» WHAT THE EXERCISE ASKS: Write out the listing below character for character, though without its pictures.

» RAW DATA:
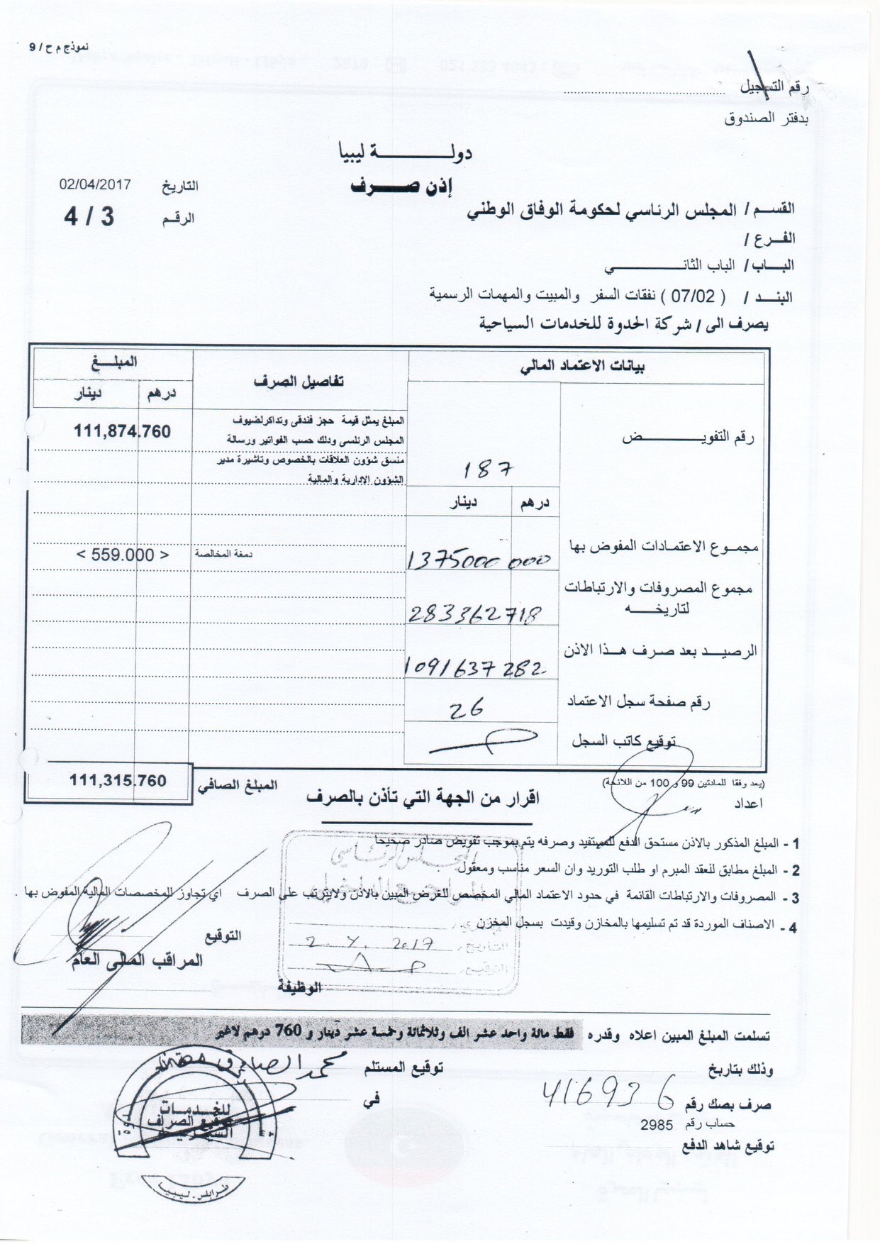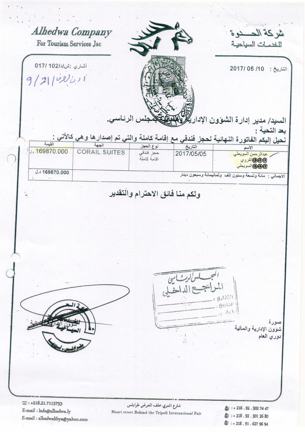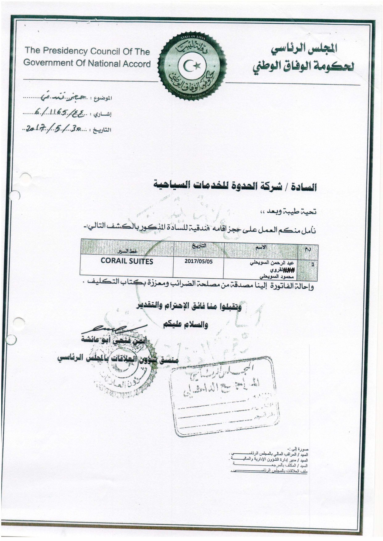 وأضاف : ” تم مراجعة حسابات المجلس الرئاسي من قبل الإدارة المختصة بالديوان عن العام 2017م وأظهرت نتائج الفحص وجود فواتير وأذونات صرف لصالح شركات سياحية (شركة الحدوة، وشركة الصهيل) تتعلق بنفقات إقامة السويحلي وعدد من أفراد أسرته (أقاموا معه بنفس الجناح في بعض الفواتير ومنفردين بفواتير أخرى) إبان توليه رئاسة المجلس الأعلى للدولة تم صرفها من قبل الإدارة المالية بديوان المجلس الرئاسي لحكومة الوفاق الوطني، مما يعد مخالفة وفقاً للتشريعات النافذة حيث وردت الواقعة بتقرير الديوان المنشور عن العام 2017م بالصفات وليس بالأسماء ” .
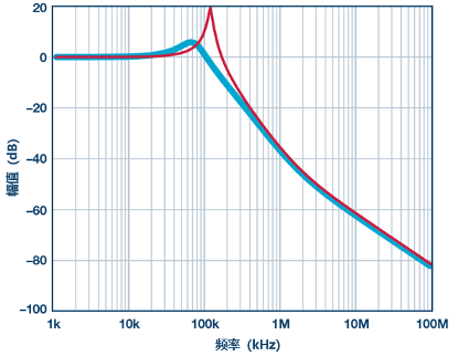 滤波器响应如下图所示,红线是原始的LC电路响应曲线,蓝线是改进后的响应曲线。我们看到Q值减小了。
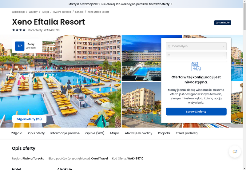 Niedostępność oferty została udokumentowana zrzutem ekranu.
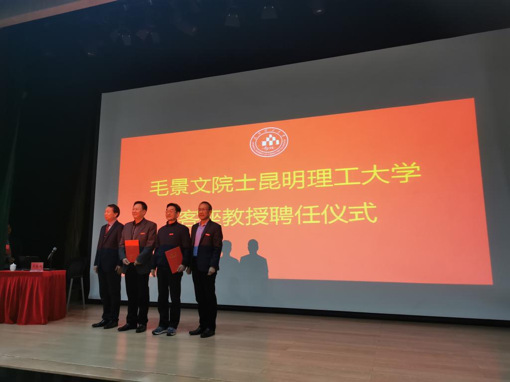 11月19日,中国工程院毛景文院士,中国产学研合作促进会党委委员、教育部高等学校地质类专业教学指导委员会副主任刘玉强研究员受聘为昆明理工大学客座教授,校党委常委、副校长杨斌出席聘任仪式并颁发证书。

» ANSWER SECTION:
 وأضاف : ” تم مراجعة حسابات المجلس الرئاسي من قبل الإدارة المختصة بالديوان عن العام 2017م وأظهرت نتائج الفحص وجود فواتير وأذونات صرف لصالح شركات سياحية (شركة الحدوة، وشركة الصهيل) تتعلق بنفقات إقامة السويحلي وعدد من أفراد أسرته (أقاموا معه بنفس الجناح في بعض الفواتير ومنفردين بفواتير أخرى) إبان توليه رئاسة المجلس الأعلى للدولة تم صرفها من قبل الإدارة المالية بديوان المجلس الرئاسي لحكومة الوفاق الوطني، مما يعد مخالفة وفقاً للتشريعات النافذة حيث وردت الواقعة بتقرير الديوان المنشور عن العام 2017م بالصفات وليس بالأسماء ” .
 滤波器响应如下图所示,红线是原始的LC电路响应曲线,蓝线是改进后的响应曲线。我们看到Q值减小了。
 Niedostępność oferty została udokumentowana zrzutem ekranu.
 11月19日,中国工程院毛景文院士,中国产学研合作促进会党委委员、教育部高等学校地质类专业教学指导委员会副主任刘玉强研究员受聘为昆明理工大学客座教授,校党委常委、副校长杨斌出席聘任仪式并颁发证书。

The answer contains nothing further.